**Data for this task**.
+-------+

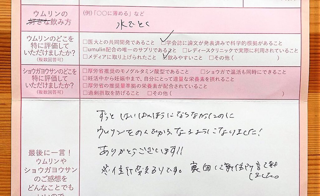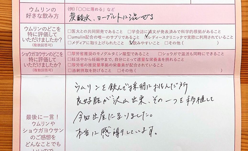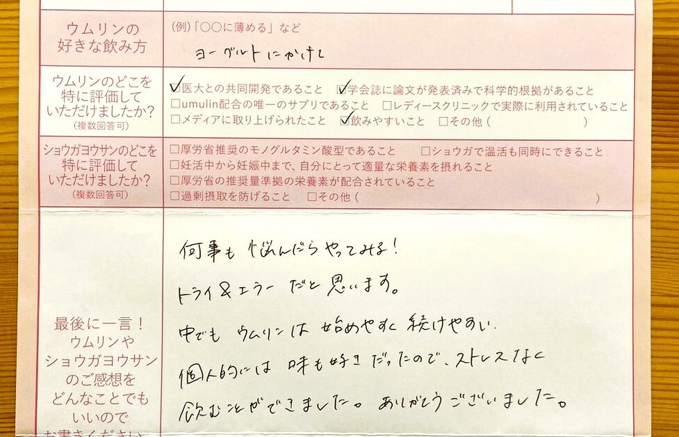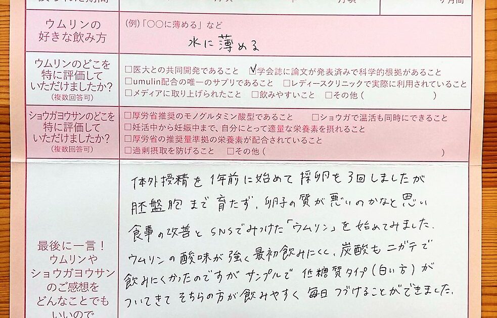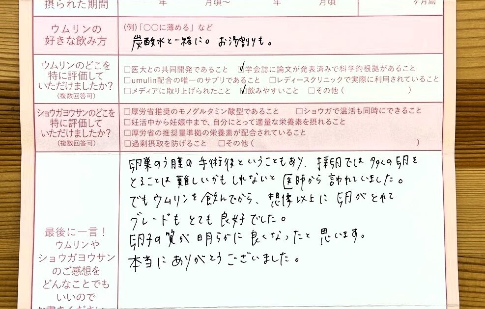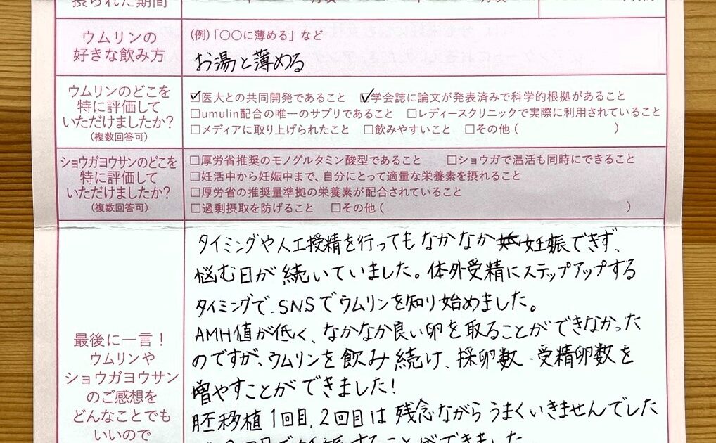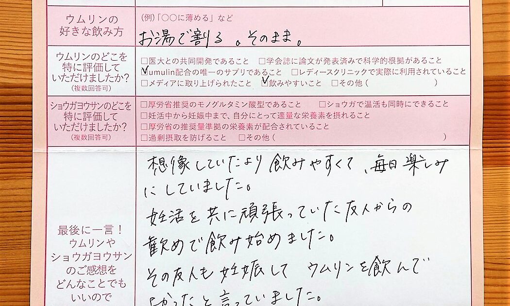 想像していたより飲みやすくて、毎日楽しみにしていました。妊活を共に頑張っていた友人からの勧めで飲み始めました。その友人もウムリンを飲んでよかったと言っていました。
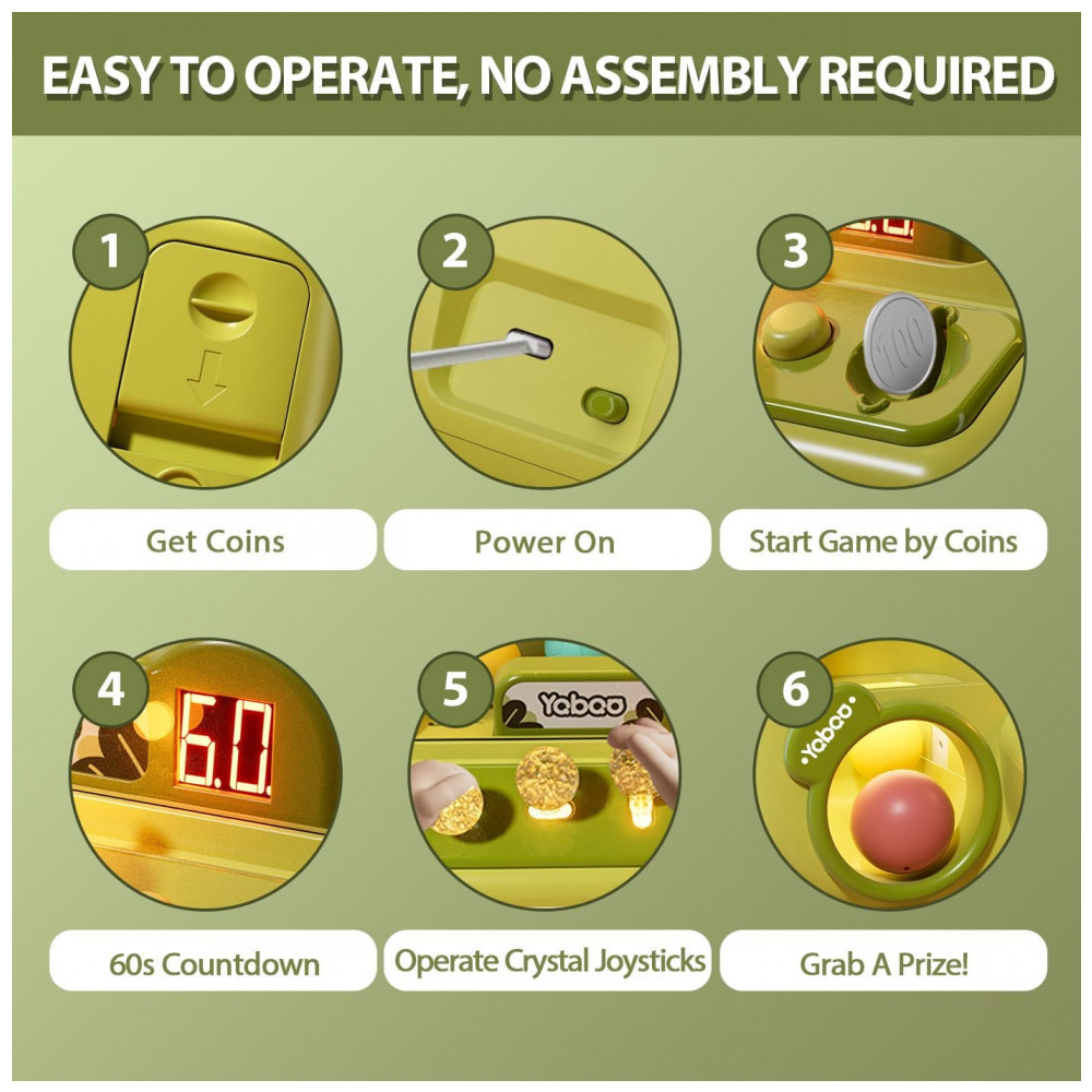 O funcionamento é intuitivo: luzes pisca‑pisca e sons de fliperama criam uma atmosfera arcade autêntica, o joystick permite movimentar a garra com facilidade, e a energia pode ser fornecida via cabo USB ou 4 pilhas AA (não inclusas), ideal para festas, eventos ou lazer em família.
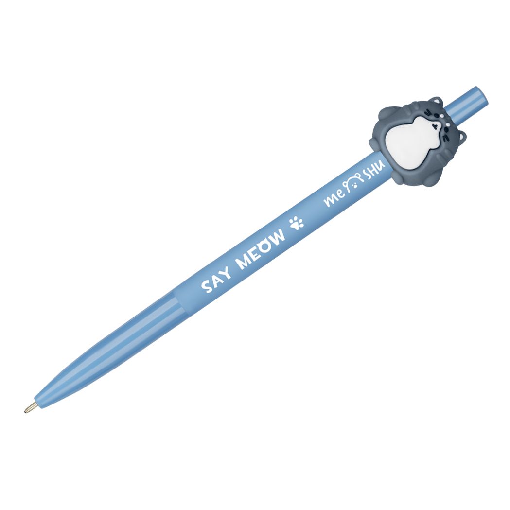 Ручка шариковая автоматическая MESHU "Fat cat" синяя, 0,7мм, корпус ассорти, с топпером
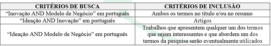 A busca foi conduzida nas bases da Spell (todas as bases), Doaj (todas as bases), Anpad (todas as bases) e Scopus (todas as bases).
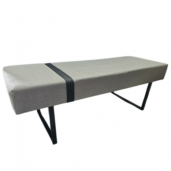• Pufe  em algodão na cor grafite, cinturão de couro, laterais em madeira patinada de preto vazada, Com. 125, Prof. 45, Alt. 54 cm.
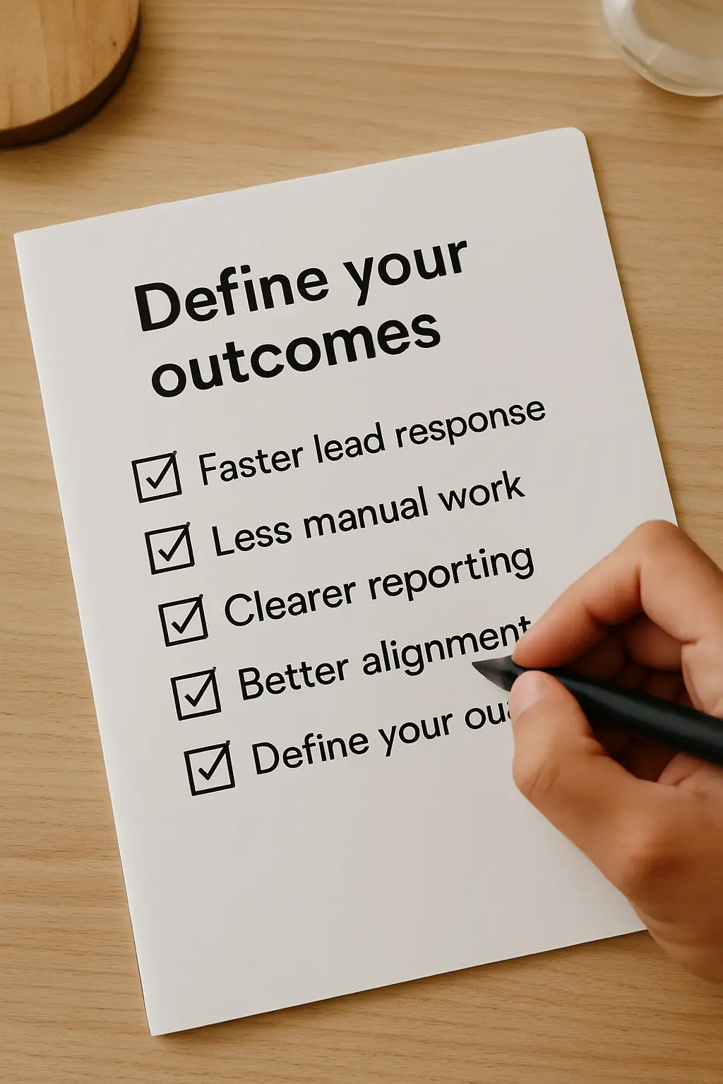 List five concrete results you want in Saudi Arabia, for example faster lead response, less manual work for the team, clearer reporting for leadership or better alignment between marketing and sales. Turn this list into a simple checklist.
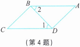 4. 已知:如图,在四边形$ABCD$中,$AB = CD,AD = CB$。求证:$\angle 1 = \angle 2$。
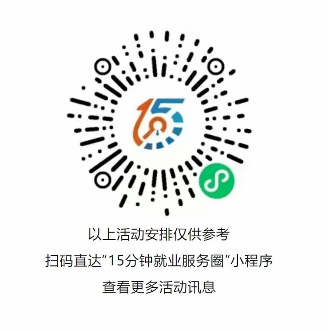 以上活动安排以实际举办为准,扫码直达浦东新区“15分钟就业服务圈”小程序查看更多活动咨询
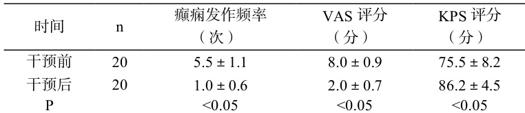 干预后患者癫痫发作频率、VAS 评分、KPS 评分显著优于干预前( P<0.05 )。见表 1。
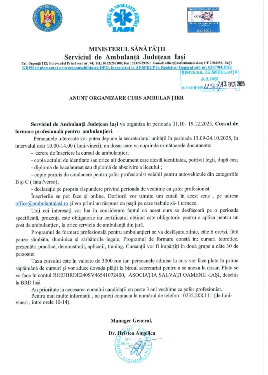 Informație oficială furnizată de Serviciul de Ambulanță Județean Iași
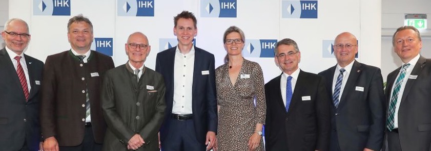 Premiere für den IHK-Wirtschaftsempfang in der Region Ingolstadt in der IHK-Geschäftsstelle Ingolstadt: Peter Kammerer (von links, Vize-Hauptgeschäftsführer der IHK für München und Oberbayern), Neuburg-Schrobenhausens Landrat Roland Weigert, Fritz Peters (Sprecher des IHK-Forums der Region Ingolstadt), Frank Busemann, Elke Christian (Leiterin der IHK-Geschäftsstelle Ingolstadt), Eduard Kastner (Vorsitzender des IHK-Regionalausschusses Pfaffenhofen), Eichstätts Landrat Anton Knapp, Emmeran Hollweck (Vorsitzenderdes IHK-Regionalausschusses Eichstätt). Fotos: Stefan Bösl / IHK
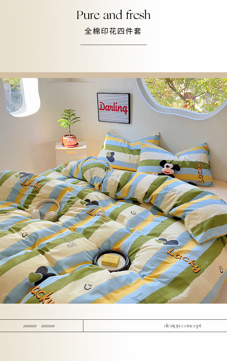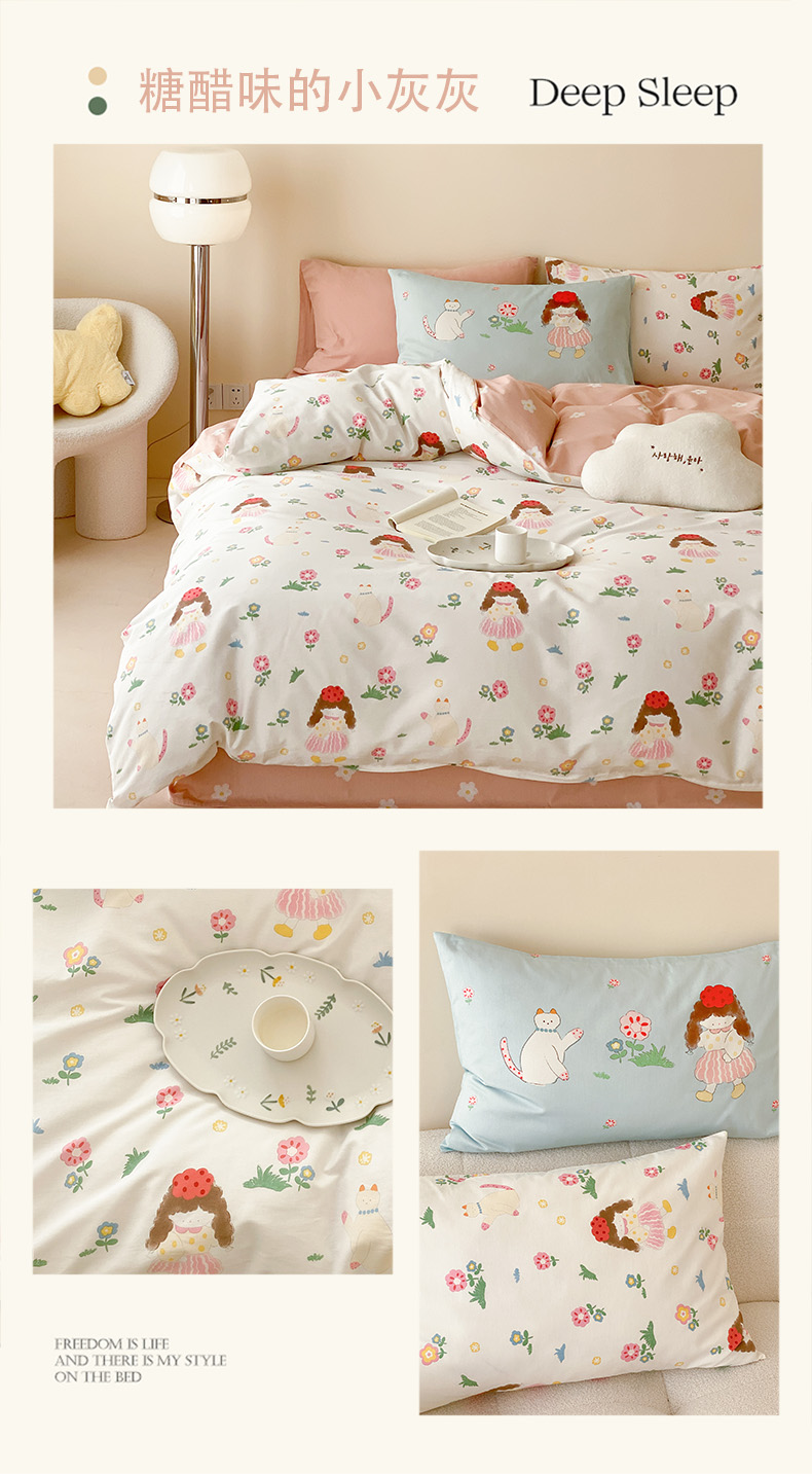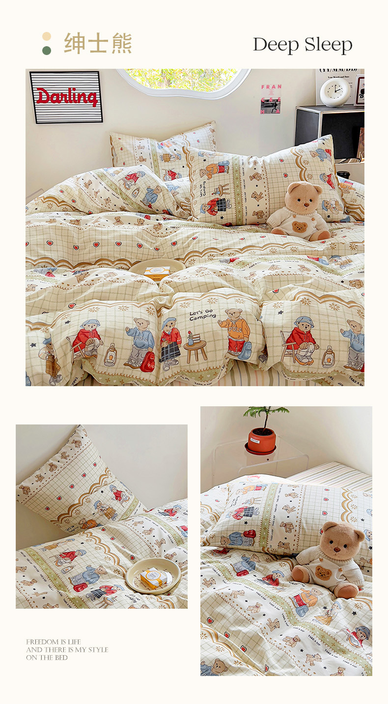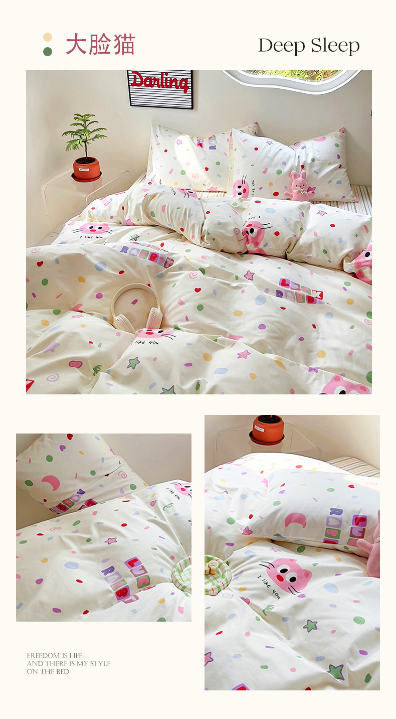 (总)(买家秀 爆款花型 不断货)13372纯棉四件套全棉四件套卡通四件套儿童三件套学生宿舍三件套学生套件
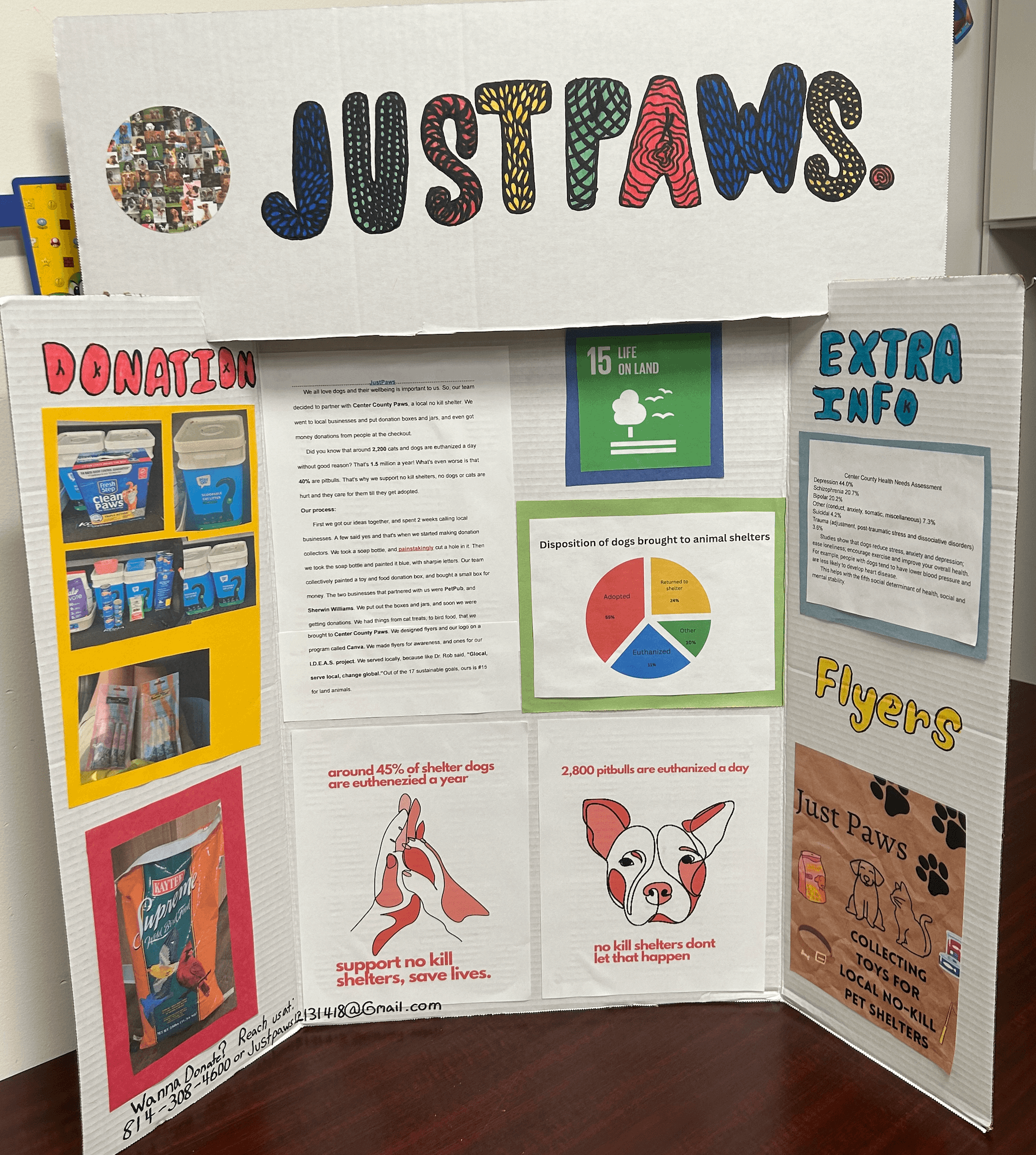 D. Design: We contacted the director of Just Paws, our local no kill shelter, and learned that they could use tools, and dollars to help their efforts. We talked to a bunch of people and figured out how to make containers to collect money, boxes to collect toys, and then get the money to Just Paws.
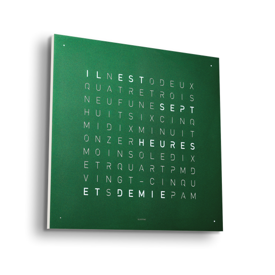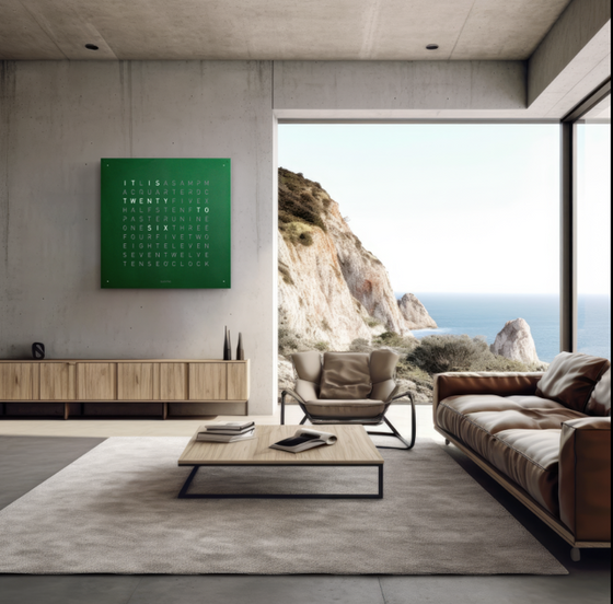 With its velvety surface, Qlocktwo Green Velvet exudes warmth and creates a new feeling of space thanks to the different reflections of light. Its sober, elegant appearance is an absolute eye-catcher and stimulates several senses at once. Thanks to its velvety, refined green surface, the object becomes a visual and tactile highlight in any room, creating an original combination of design and functionality.

+-------+

**What is expected**. The line holding "以上活动安排以实际举办为准,扫码直达浦东" starts the copy and the line holding "Informație oficială furnizată" ends it. Repeat those two lines above and all between them exactly, leaving out pictures.

**Exercise result**.
 以上活动安排以实际举办为准,扫码直达浦东新区“15分钟就业服务圈”小程序查看更多活动咨询
 干预后患者癫痫发作频率、VAS 评分、KPS 评分显著优于干预前( P<0.05 )。见表 1。
 Informație oficială furnizată de Serviciul de Ambulanță Județean Iași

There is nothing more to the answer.